Behind him, the air was full of sirens. Directly ahead, an olive green Military Police jeep went into a skid of its own, broadside across the street to block his way, shedding MPs expecting the crash.

Docker jumped the left-hand curb, skun the left side of the Montego on the ancient stone retaining wall in front of some officer’s white frame house, hit the blacktop still accelerating, fighting it under control with big, competent hands.

Ahead on his right behind masking palm trees, the greyish stucco cube which housed the MP Headquarters spilled men in Army greens and wearing white plastic helmet liners. They ran at the road drawing cumbersome Army-issue .45s. Docker aimed the Montego at the closest one, slewed away as the man dove back.

Men were on their bellies, squeezing off shots. One slug smashed against the post between the windshield and the frame on the far side of the car, but then the fog had closed in behind Docker again. His last mirrored view was of men sprinting toward a whippet-aerialled jeep.

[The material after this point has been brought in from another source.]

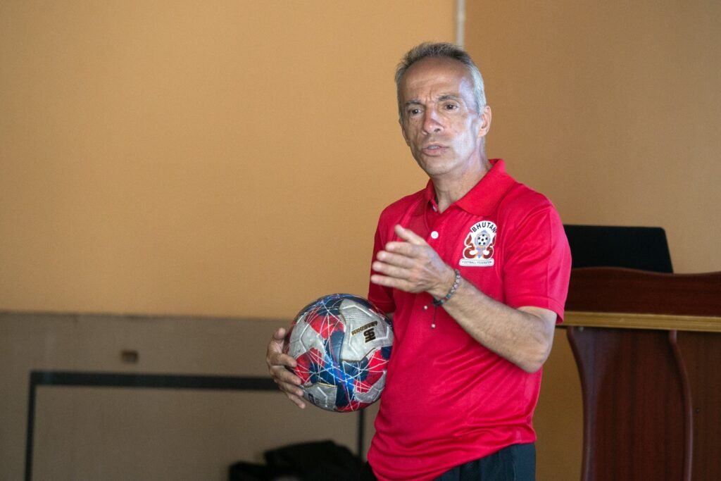 Bhutan Football Federation 6th April 2023 𝐷𝑢𝑡𝑐ℎ 𝐹𝑜𝑜𝑡𝑏𝑎𝑙𝑙 𝑐𝑜𝑚𝑒𝑠 𝑏𝑎𝑐𝑘 𝑡𝑜 𝐵ℎ𝑢𝑡𝑎𝑛 𝑓𝑜𝑟 𝑊𝑜𝑟𝑙𝑑𝐶𝑜𝑎𝑐ℎ𝑒𝑠 𝐶𝑜𝑢𝑟𝑠𝑒 𝑤𝑖𝑡ℎ 𝐵ℎ𝑢𝑡𝑎𝑛 𝐹𝑜𝑜𝑡𝑏𝑎𝑙𝑙 𝐹𝑒𝑑𝑒𝑟𝑎𝑡𝑖𝑜𝑛. The WorldCoaches Program of the Royal Netherlands Football Association (KNVB) has a strong focus on Asia. Already in 2002 and 2003 Bhutan was able to benefit from Dutch Coaching in the days of Mr. Arie Schans and his colleagues who came for football courses in 2003. In the 20 years in between Football has grown in Bhutan and KNVB is excited to return to Bhutan to work again with local coaches, both men and women. With thanks to Bhutan Football Federation and Acosa Sports India to make this possible. The 5-day course starts on 10 April at RTC College where Dutch All-time World Cup Hero Johan Neeskens will join his colleague Bert Zuurman for an intense 5 days of football coaching and Life Skills. On April 11th the Press has a chance to meet with Johan Neeskens, who has been connected since 2012 to WorldCoaches. He featured in 2 consecutive WorldCup finals (1974 and 1978) and he was the first Dutch player ever to score in a WorldCup Final. The former Player of Ajax Amsterdam and FC Barcelona brings an experienced colleague to Bhutan, as Bert Zuurman worked for almost 5 years in India as coach and education Director at the Ozone Academy in Bangalore. KNVB is a well-known and respected partner of Asian Football, having several cooperation Agreements with Football Associations on various aspects of development of Football. Football Education Support to AFC goes back to 1996. Officials of KNVB will hold talks with Bhutan Football Federation and the Bhutan authorities on a possible Memorandum of Understanding. The Ambassador for the Netherlands to Bhutan, Mr. Marten van den Berg, will possibly join the Course for a few days as well on an official visit. In case he can’t make it, he will be represented by the Hon. Consul for The Netherlands to Bhutan, Mrs. Phuntshok Choden. Acosa Sports India is a partner of KNVB to promote WorldCoaches in the region. [Quote Johan Neeskens]: ‘We are extremely happy to come to Bhutan, for me a first chance to experience the country of Happiness. I’m living in Switzerland where we have mountains, but not compared to Bhutan. For Coach Education, we see no Mountain High enough. Anyone passionate about guiding children in a positive way to help them grow in life should get the chance to join our courses. I’m happy to come to work with the local Coaches. After the pandemic it’s time that the youth all over the world, boys and girls, are back on the field and that they are trained by well-educated coaches, who do not only look at performance on the field, but also look at well-being and of children and guidance off the field’. Football should always make you happy! Being back in Bhutan after 20 years is thrilling. In those days we came to discuss Sports Policy for the Country and see what Bhutan has achieved in these years! Football is all about collaboration and communication, about fair play, respect for diversity and dealing with frustrations. We can inform children on Healthy Lifestyle and teach social skills to our children in a fun way through football, which will benefit them in all aspects of their life.” Says Johan van Geijn of KNVB, founder of WorldCoaches, working at KNVB since 1998 on International Coaching Programs. “A Cooperation with Bhutan fits perfectly in our International Strategy, where we want to be seen as an Innovative Association, looking for impact and working for the Future of Football. We need good partnerships to be able to fulfill the need for good and social coaches so they can coach the children and youth of Bhutan. “As coaches, it plays a vital role in nurturing the talents of young athletes and guiding them towards their goals. Such support to develop the coaches in Bhutan inspires us all to take football further up in the wholesome development.”- Ugyen Wangchhuk, General Secretary of Bhutan Football Federation “The World Coaches program will support coaches to improve their skills and knowledge, and to help them develop athletes to their full potential. The coaches play a very vital role in the development of sports programs; thus, this program will provide them with education, training, and support to help them succeed. Additionally, the program will emphasize the importance of sports as a powerful tool for promoting social development, and coaches play a key role in this process.”- Yeshey Dorji, Officiating Technical Director of Bhutan Football Federation. The WorldCoaches Program has been active around the world since 2010. Since then more than 16,000 coaches have joined Worldwide from more than 65 countries, with almost 30% of them being female coaches. A percentage that should grow for equal opportunities.

The Presidio of San Francisco is an Army post, and has been in the hands of somebody’s military since the Spaniard José Moraga erected an adobe stockade there in 1776. Since it has always been a defensive, not a training camp, relatively little of its total acreage has ever been in actual use. Most of its thousands of eucalyptus, monterey pine and cypress trees were planted by school children on Arbor Days in the early 1900s. Miles of earth and blacktop roads wander through these miniature forests.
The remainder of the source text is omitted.